Yesterday, I told all of the prospects and the suspects that our objectives are to teach them the fundamentals of the game of basketball and to teach them the game of basketball. Part of the discovery for them will be to learn how we got to the game as it is today. How has the game evolved and why did it evolve? What was it like back at the beginning of its creation? Some of them may not believe me, but for them to understand the game of basketball will necessitate that they know its history.

Bottom line, I have the awesome privilege of teaching the great game of basketball to a bunch of boys who have been missing out. They don’t know what they’ve been missing, but they’re going to receive a new education…and discover their left hand in the process!

A New Appreciation for Old Teammates

October 4, 2021

I’m sitting in a St. Louis hotel room reflecting and chuckling about what once was and how it binds us in a sort of way. For most of the last two days I’ve sat in the living room of Jim and Lynn Fay, along with four other graying guys and their spouses, talking about our days as Judson College (now University) cross country teammates back in the mid-70’s.

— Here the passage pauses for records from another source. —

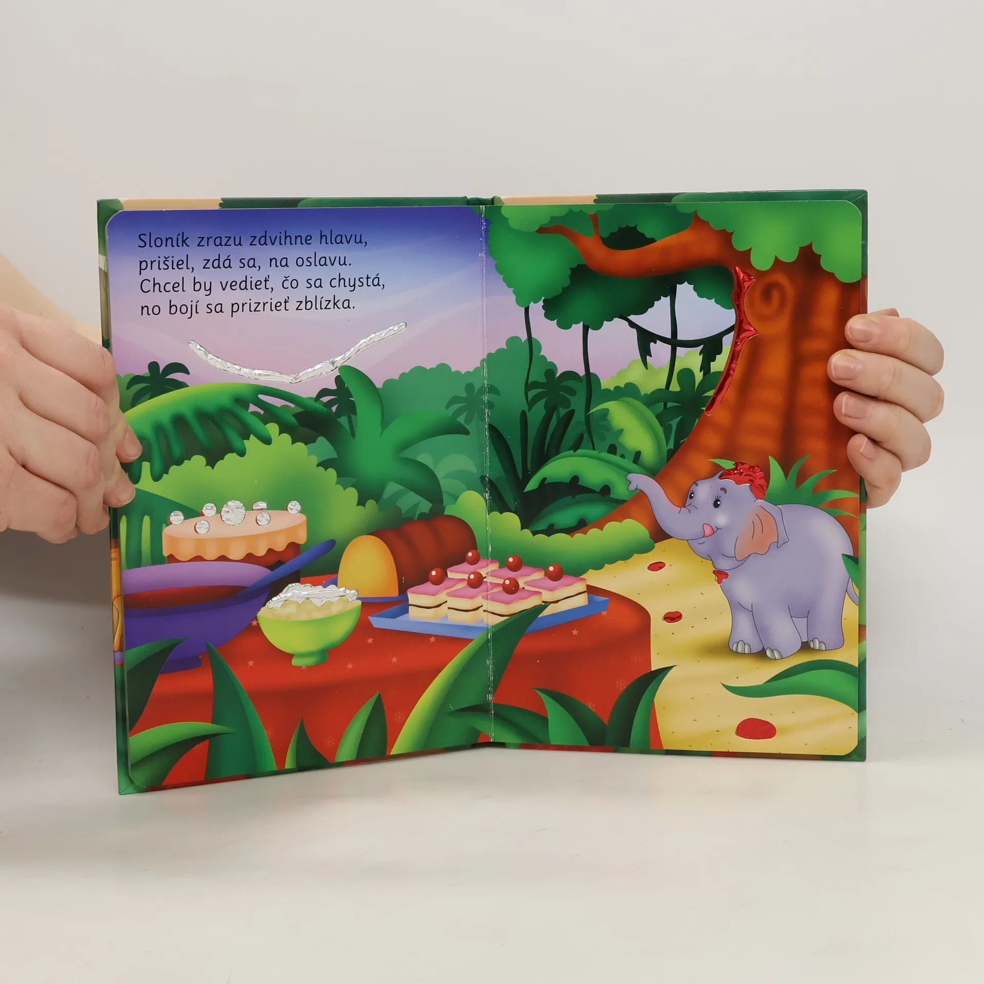 Hlboko v džungli žije nesmelý sloník. Podarí sa mu nájsť si kamarátov? Knižka plná trblietavých obrázkov a milých veršíkov, ktoré si deti rýchlo obľúbia.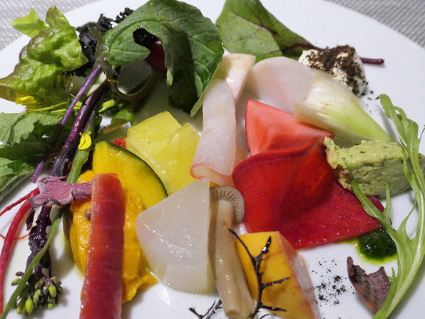 8)やいとかつおのカルパッチョ、オータムポエムの葉をジュリエンヌにしたもの、花と。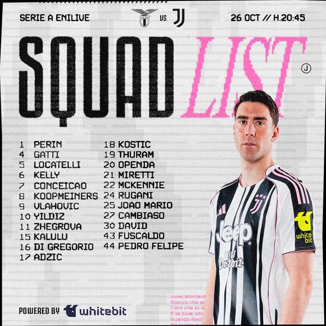 北京时间10月25日,尤文图斯官方公布了意甲第8轮他们做客挑战拉齐奥的大名单,布雷默、卡瓦尔、平索利奥和米利克继续因伤缺阵。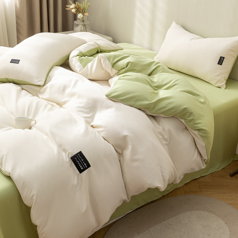 (总)米瑞娜 2024新款 水洗棉麻双拼纯色四件套,白+豆绿,冰粉+自然绿,黛粉+浅灰,丁香紫+西梅粉,豆绿+冰粉,橄榄绿+奶油,高级灰,奶白+冰粉,奶白+淡蓝,雾蓝+淡蓝,中灰+奶茶,抹茶+奶油,奶茶+芝士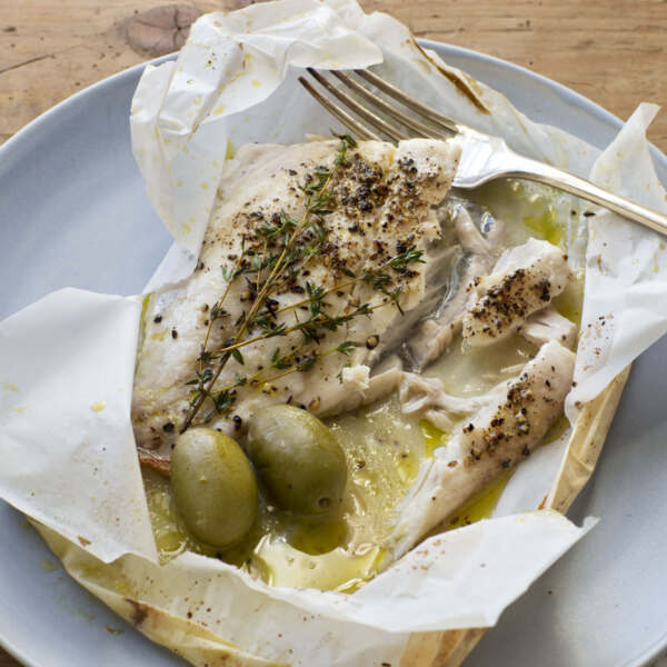 Place the pieces of parchment paper on a flat surface, fold them in half crosswise, and cut each piece like a large paper heart cutout. Open the fold flat and place each fillet lengthwise just to the right of the fold. On each fillet, sprinkle ½ teaspoon salt, ¼ teaspoon pepper, 1 tablespoon olive oil, 1 tablespoon lemon juice, and 2 sprigs of thyme, and place 2 olives alongside the fish.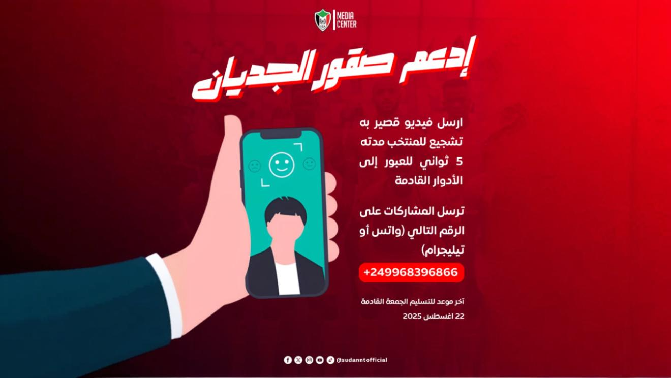 ناشد إعلام الاتحاد السوداني لكرة القدم جماهير الكرة السودانية بمؤازرة ودعم صقور الجديان قبل مواجهة نظيره الجزائري مساء بعد غدٍ السبت في الدور ربع النهائي لبطولة الشان 2024 باستاد أمان في زنجبار.

I hadn’t seen most of the guys since college, or shortly after. Stan Brown was one of my groomsmen, but each other in a good three and a half decades. Jim Fay and I reconnected last March when he and Lynn were in Colorado for a few days of skiing. Our old coach, Don Kraus, is a Facebook friend but we hadn’t seen each other since 1976. Randy Moore was the grizzled veteran on our team, mostly because he was the only one married, worked maintenance and security for the college, and went to school full-time. he could kiss his wife without being written up for public display of affection. The rest of us could only dream about such a thing. Mike Neisler was the floppy-haired kid with the great laugh.

And so we came together and reminisced about team trips and retreats, our lack of funds that always had us camping out instead of staying in hotel rooms, the fun runs, and failed romances, the deaths of Marc Didier and Donna Shotwell that motivated us to look deep inside ourselves for more heart and effort as the way we could honor their memories.

We talked about, and had our own celebration of life service, for Dr. Stuart Ryder, who was our team training-in-training and also our coach. Most of all, though, we realized how much we appreciated one another and the impact of our team experiences had upon our lives. It wasn’t so much about running, but about relationships. We remembered the pains of our journey together, but even more, we treasured the personableness of being a part of a small college team.

As I sit here pondering I’m experiencing, if it’s possible, a strange mixture of joy and sadness. The joy sprays out of my soul in the realization of how blessed I am to have been a part of such a team, the camaraderie, the brotherhood. The sadness echoes within my spirit because of the reality of having to say farewell to one another. The richness of our experience this weekend made the last hugs on one another this afternoon even more difficult. Sometimes that’s how it is. The preciousness of our friendships has a way of causing the sorrow to be more intense.

But we wouldn’t change it for anything!